Assessment of acceleration models used for BGA solder joint reliability studies

Solder joint reliability was one of the top priorities when evaluating the reliability of electronic packages. In general, an acceleration model would be used to predict solder joint fatigue life in the use conditions. However, the accuracy of the model was difficult to validate. As a result, the fatigue life of the solder joints could be over-designed with added cost or time, or under-estimated with a compromised reliability performance. It was an important goal for engineers to use valid and accurate life models to predict the field life of the solder joints and reduce development cost and time.Many empirical models including Norris-Landzberg model and its modifications usually considered the effects of temperature range, the cycle frequency, and the maximum temperature. No matter what the package structures were or the materials were used, engineers had been using the same model parameters for many years. Moreover, little was done to validate the models for modern packages structures and materials.In this article, a variety of package was studied and the failure data was analyzed through a reliability engineering approach. The results showed that the available model parameters were not suitable to predict the solder joint life of test samples exclusively. A new set of model parameters might be required for certain cases. Also, the acceleration factor models would depend on the solder joint materials and microstructures. The solder joint fatigue life performance was too complicated to be assumed as a fixed empirical model.
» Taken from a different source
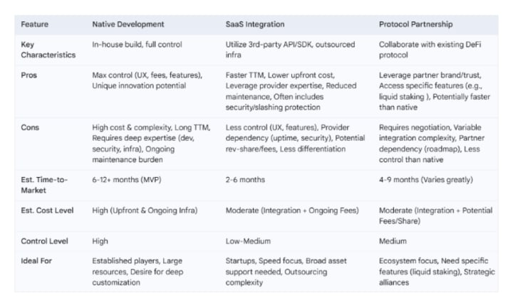 There are several distinct DeFi staking app development and integration pathways, each with its own set of advantages, disadvantages, and implications for cost, time-to-market, and control. The choice between building natively, integrating a third-party service, or partnering with existing protocols is a critical decision that should align with the provider’s overall business strategy and resources.

One of the reasons was there were too many factors affecting the strain which the solder joints would endure.In the future study, critical factors such as materials or structures could be integrated into the current model format. Additionally, the ramp rate could be a concern especially when dealing with cases under thermal shock conditions. The methodology to develop an acceleration factor model and the demonstration of their weakness would help achieve reliable solder connections in the future.